Maidu Bahetihazi, Martinez-Legazpi Pablo, Guerrero-Hurtado Manuel, Nguyen Cathleen M, Gonzalo Alejandro, Kahn Andrew M, Bermejo Javier, Flores Oscar, Del Alamo Juan C
Dept. of Mechanical Engineering, University of Washington, Seattle, WA, USA.
Dept. of Mathematical Physics and Fluids. Universidad Nacional de Educación a Distancia & CIBERCV, Madrid, Spain.
Comput Biol Med. 2025 Feb;185:109476. doi: 10.1016/j.compbiomed.2024.109476. Epub 2024 Dec 12.
Intraventricular vector flow mapping (VFM) is an increasingly adopted echocardiographic technique that derives time-resolved two-dimensional flow maps in the left ventricle (LV) from color-Doppler sequences. Current VFM models rely on kinematic constraints arising from planar flow incompressibility. However, these models are not informed by crucial information about flow physics; most notably the forces within the fluid and the resulting accelerations. This limitation has rendered VFM unable to combine information from different time frames in an acquisition sequence or derive fluctuating pressure maps. In this study, we leveraged recent advances in artificial intelligence (AI) to develop AI-VFM, a vector flow mapping modality that uses physics-informed neural networks (PINNs) encoding mass conservation and momentum balance inside the LV, and no-slip boundary conditions at the LV endocardium. AI-VFM recovers the flow and pressure fields in the LV from standard echocardiographic scans. It performs phase unwrapping and recovers flow data in areas without input color-Doppler data. AI-VFM also recovers complete flow maps at time points without color-Doppler input data, producing super-resolution flow maps.
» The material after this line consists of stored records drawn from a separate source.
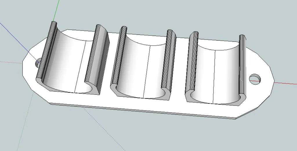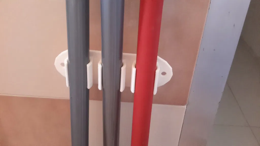 Giá treo chổi này có thể giữ ba cây chổi, phù hợp với nhiều loại đường kính khác nhau. Dễ dàng gắn lên tường bằng keo dán gai (velcro) hoặc bắt vít. Tải file STL hoặc SKP để in và tùy chỉnh.
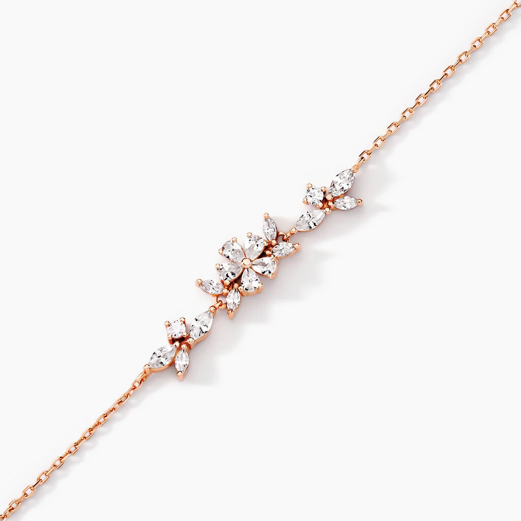 Bracelet Argent Rose 925/1000 Motif Fleur Et Feuilles Oxydes De Zirconium 18.5cm
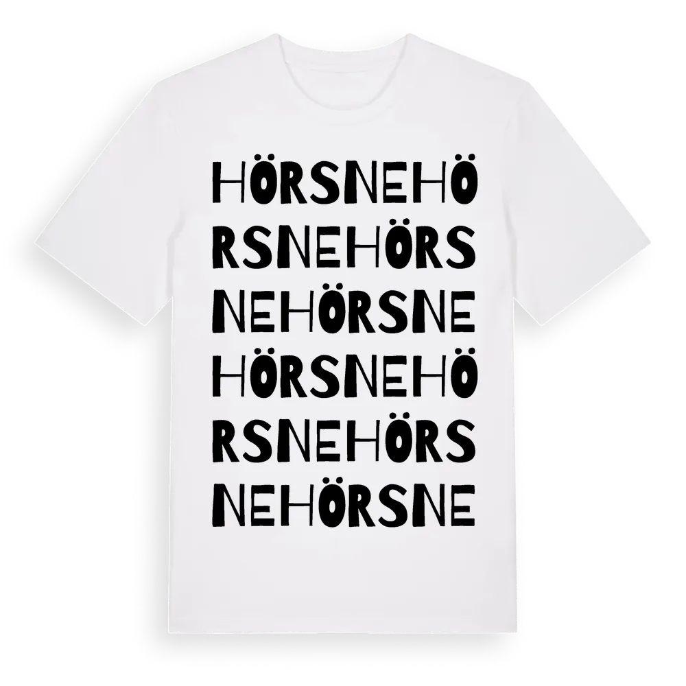 En ordlek byggd på Hörsnes namn. Subtilt och klurig – ett motiv som bara de som verkligen känner platsen fullt ut förstår. Premium bomull, unisex – från byn Hörsne i Gotlands län.
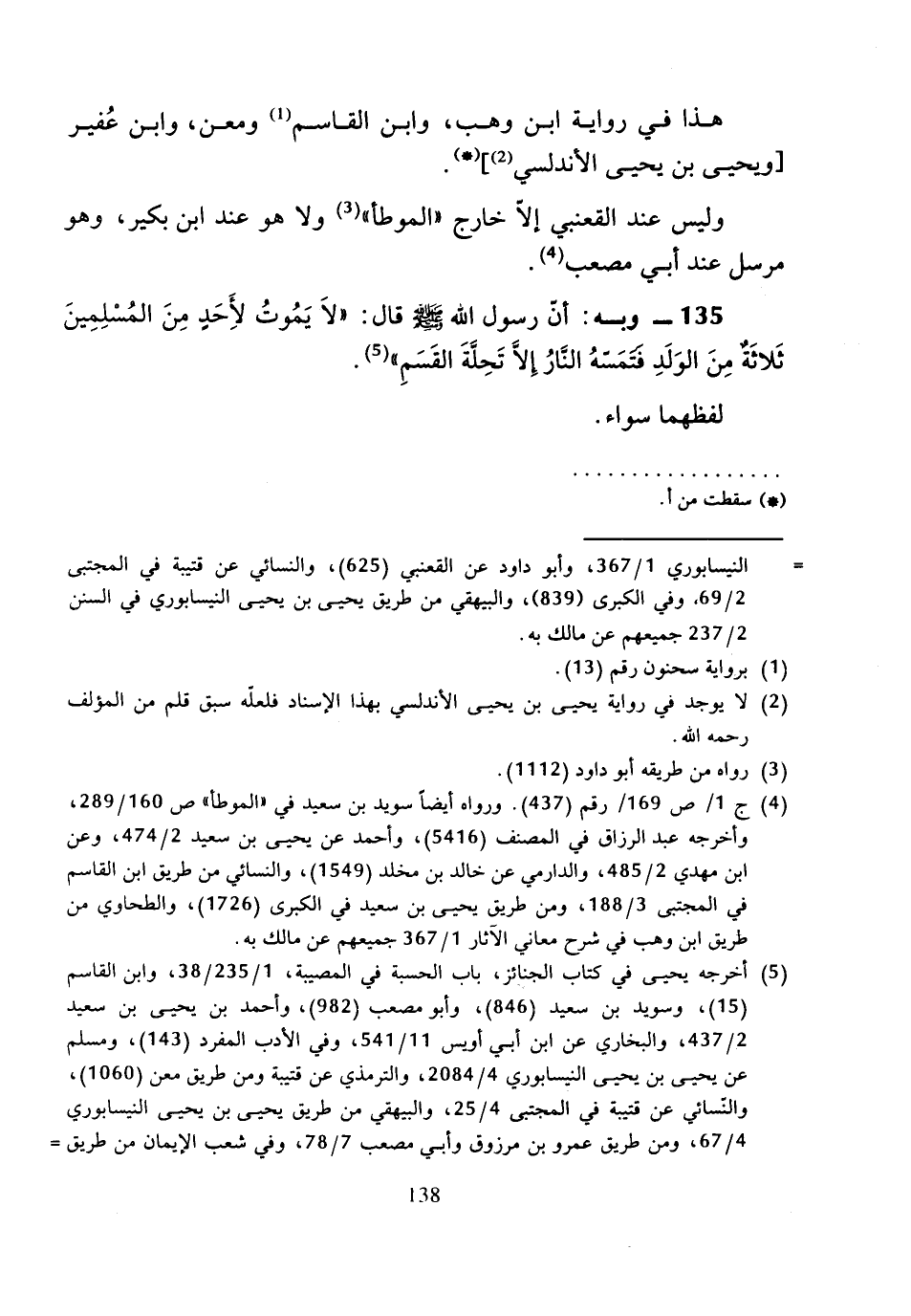135 - وَبِهِ: أَنَّ رَسُولَ اللَّهِ صَلَّى اللَّهُ عَلَيْهِ وَسَلَّمَ قَالَ: «لا يَمُوتُ لأَحَدٍ مِنَ الْمُسْلِمِينَ ثَلاثَةٌ مِنَ الْوَلَدِ فَتَمَسَّهُ النَّارُ إِلا تَحِلَّةَ الْقَسَمِ».
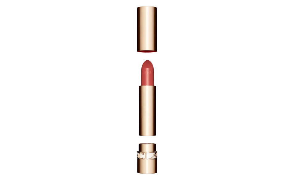 Il rossetto classico di Clarins, Joli Rouge, si presenta in una confezione moderna e ultra-femminile, che si distingue per la sua eleganza e praticità.
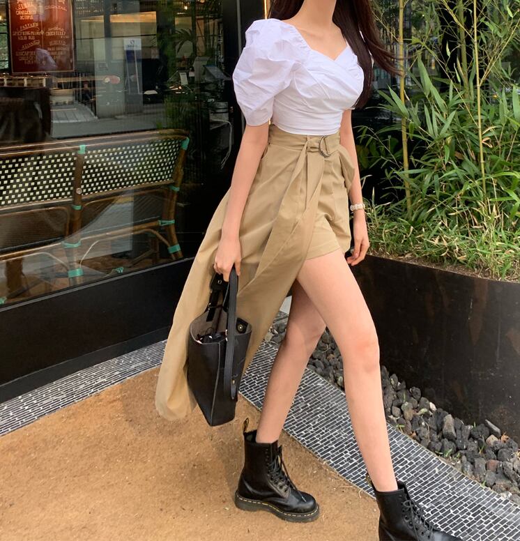 デザイン性抜群なのでシンプルなTシャツなどでもオシャレに仕上がる可愛いボトムです。
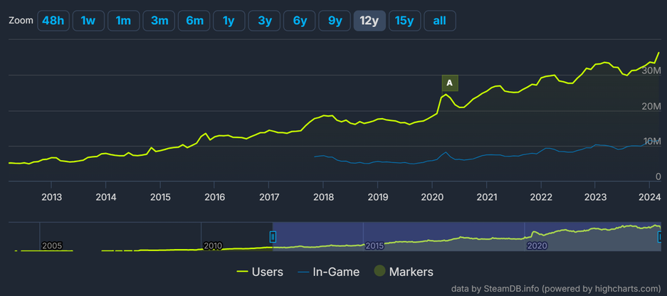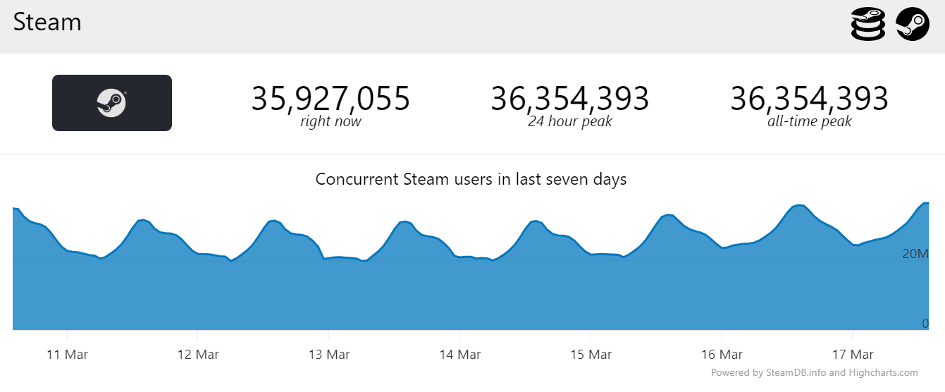10 марта 2024 года онлайн в Steam пробил отметку в 35 миллионов, а 17 марта продолжил победную серию — сервис SteamDB зарегистрировал пиковый онлайн 36 354 393, на момент установления рекорда более 11.5 миллиона пользователей находились в какой-нибудь игре.
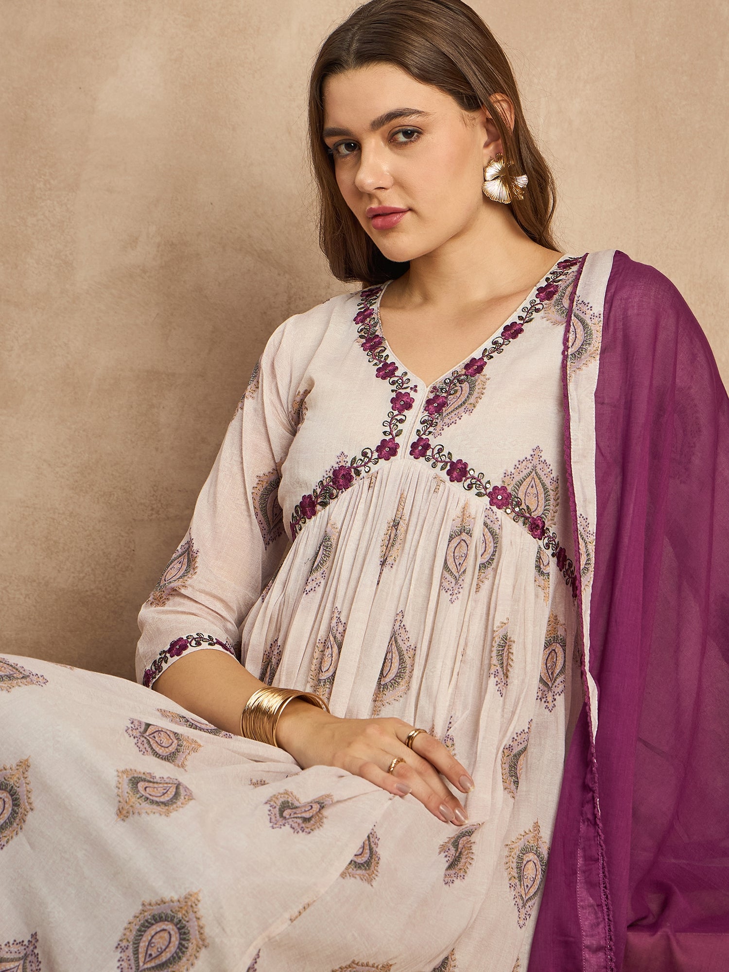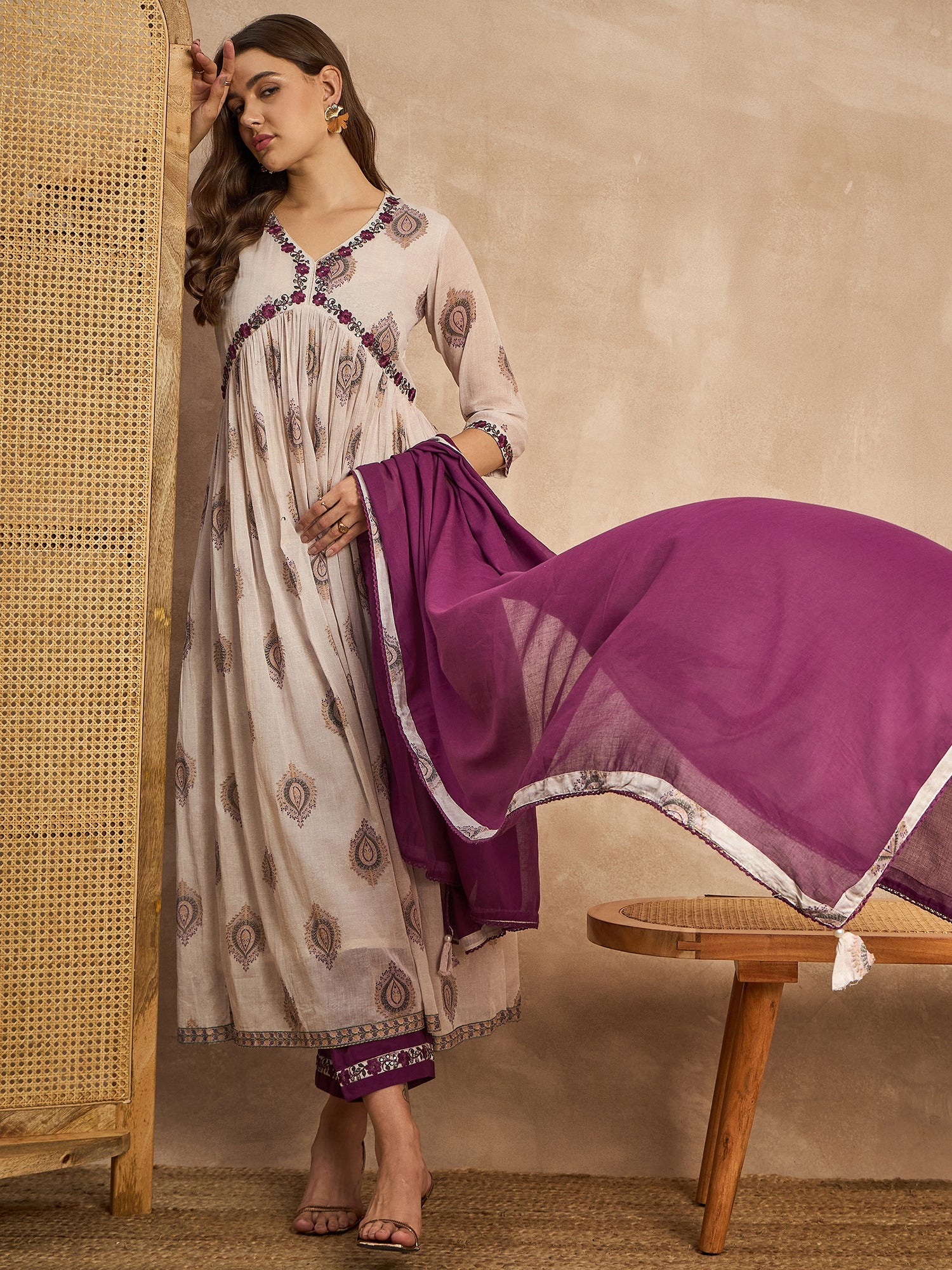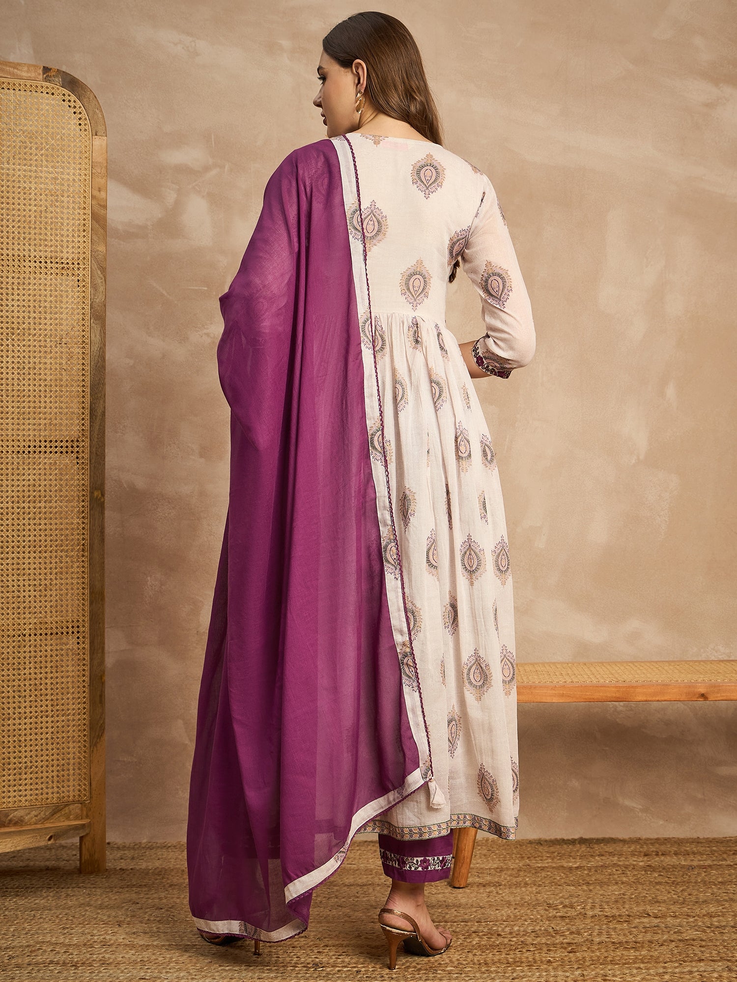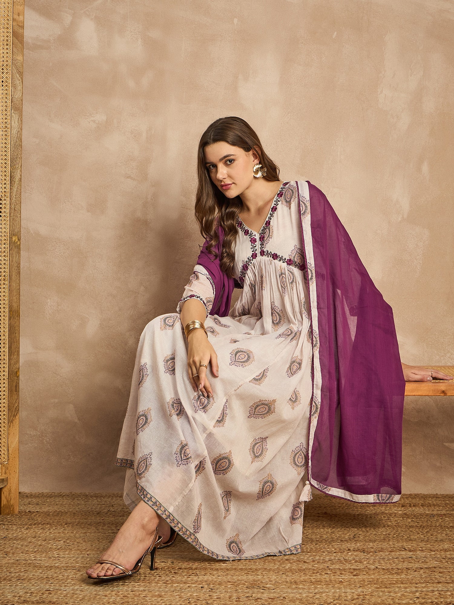 Women Ethnic Motifs Printed Thread Work Anarkali Kurta with Trousers & Dupatta
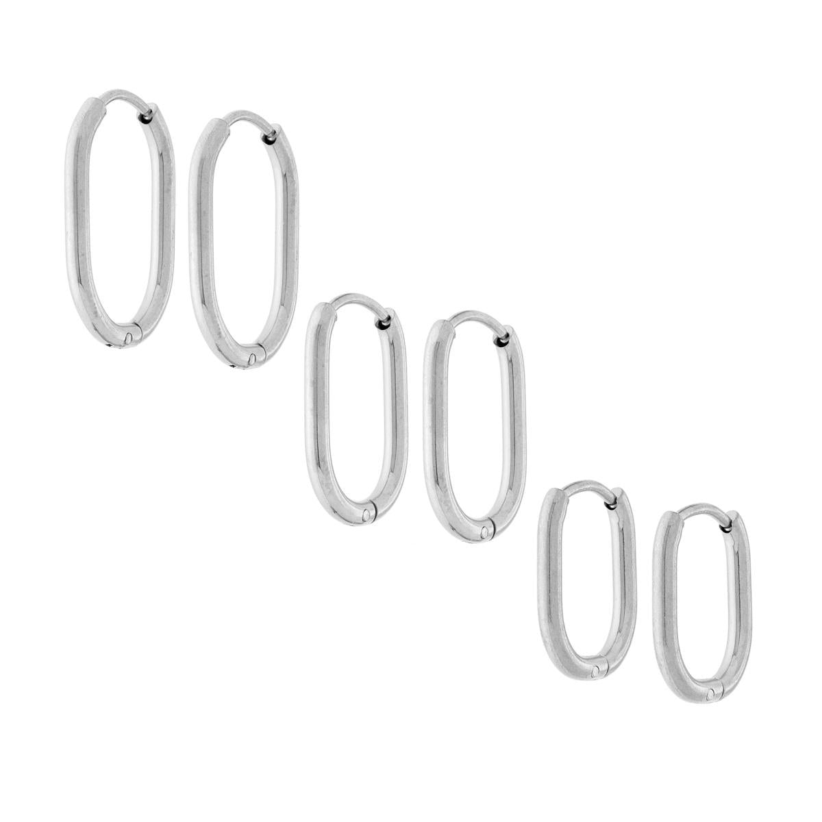 Tre coppie in tre misure di orecchini cerchio ovale con canna tubolare e finitura liscia e lucida.
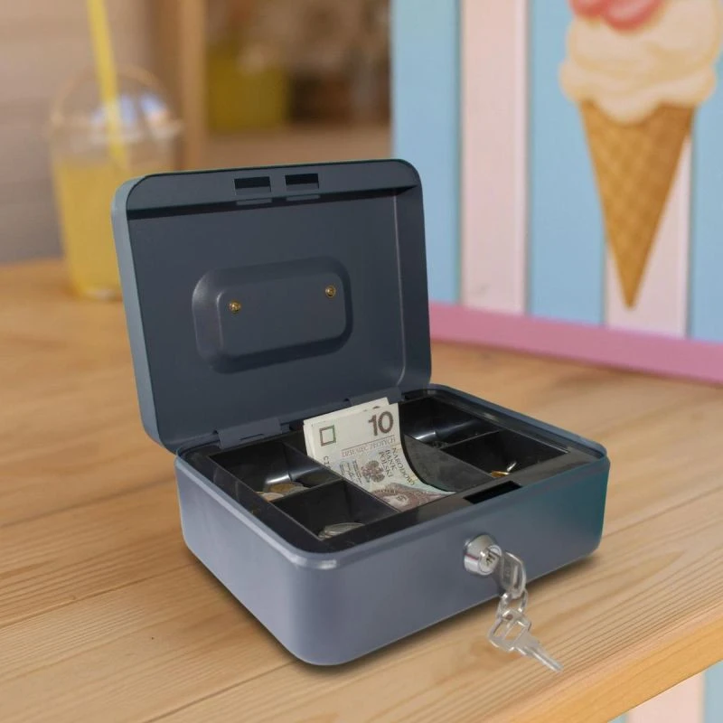 Díky kompaktním rozměrům se pokladnička snadno přenáší a ukládá v kanceláři, doma nebo i na cestách a lze ji snadno uložit do skříně, na stůl nebo do trezoru.

We validate AI-VFM using physiological simulated LV data and show that informing the PINNs with momentum balance is essential for achieving temporal super-resolution and significantly increases the accuracy of AI-VFM compared to informing the PINNs only with mass conservation. AI-VFM is solely informed by each patient's flow physics; it does not utilize explicit smoothness constraints or incorporate data from other patients or flow models. AI-VFM takes 15 min to run in off-the-shelf graphics processing units and its underlying PINN framework could be extended to map other flow-associated metrics such as blood residence time or the concentration of coagulation species.
心室内向量流映射(VFM)是一种越来越多地被采用的超声心动图技术,它从彩色多普勒序列中获取左心室(LV)的时间分辨二维流图。当前的VFM模型依赖于平面流不可压缩性产生的运动学约束。然而,这些模型并未考虑有关流动物理的关键信息;最显著的是流体内部的力和由此产生的加速度。这一局限性使得VFM无法在采集序列中组合来自不同时间帧的信息,也无法导出波动压力图。在本研究中,我们利用人工智能(AI)的最新进展开发了AI-VFM,这是一种向量流映射模式,它使用了在左心室内编码质量守恒和动量平衡的物理信息神经网络(PINN),以及左心内膜处的无滑移边界条件。AI-VFM从标准超声心动图扫描中恢复左心室内的流场和压力场。它执行相位解缠,并在没有输入彩色多普勒数据的区域恢复流数据。AI-VFM还能在没有彩色多普勒输入数据的时间点恢复完整的流图,生成超分辨率流图。我们使用生理模拟的左心室数据验证了AI-VFM,并表明用动量平衡为PINN提供信息对于实现时间超分辨率至关重要,并且与仅用质量守恒为PINN提供信息相比,显著提高了AI-VFM的准确性。AI-VFM仅由每个患者的流动物理信息提供信息;它不使用明确的平滑约束,也不合并来自其他患者或流模型的数据。AI-VFM在现成的图形处理单元上运行需要15分钟,其底层的PINN框架可以扩展以映射其他与流相关的指标,如血液停留时间或凝血物质的浓度。